Young Hollywood is a privately held multimedia entertainment company founded in Los Angeles, California, by R. J. Williams.
The company licenses the “Young Hollywood” trademark domestically and internationally for various consumer products and services. It also owns a television network and is a large producer and distributor of celebrity content in the digital space, with over 2 billion views.

==Television network==

YHN is a 24/7 network that offers scheduled programming and an extensive video-on-demand library, currently available in more than 180 countries. Young Hollywood reaches over 700 million homes and is available in 24 languages. The network creates and delivers original content year-round to a global audience.

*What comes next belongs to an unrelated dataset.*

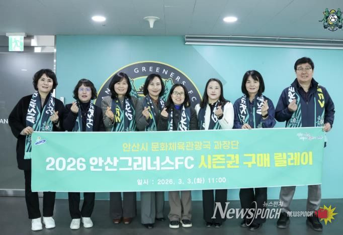 뉴스펀치 박상훈 기자 | 안산시는 지난 3일 문화체육관광국 과장단이 안산그리너스FC(구단주 이민근) 2026시즌 시즌권 구매 릴레이에 동참하며 시민구단 응원 분위기 확산에 힘을 보탰다고 4일 밝혔다.

In early 2015, Young Hollywood exclusively partnered with Apple to launch the network with content exclusive to the Apple TV platform. The channel premiered seven new original half-hour series and programming across multiple platforms, including reality, scripted series, animation, and documentaries, focusing on entertainment, music, sports, fashion, and lifestyle. By the end of 2015, the network expanded to devices such as Roku, Amazon Fire TV, Samsung Blu-ray players, and Android tablets and phones.

==Programming==
Young Hollywood is known for avoiding gossip and being anti-paparazzi. The YoungHollywood.com website, officially launched in 2007, reached 3 million unique visitors per month. YH further expanded its audience by creating a street team of fan ambassadors to promote Young Hollywood. Its distribution network extended the reach to over 100 million viewers.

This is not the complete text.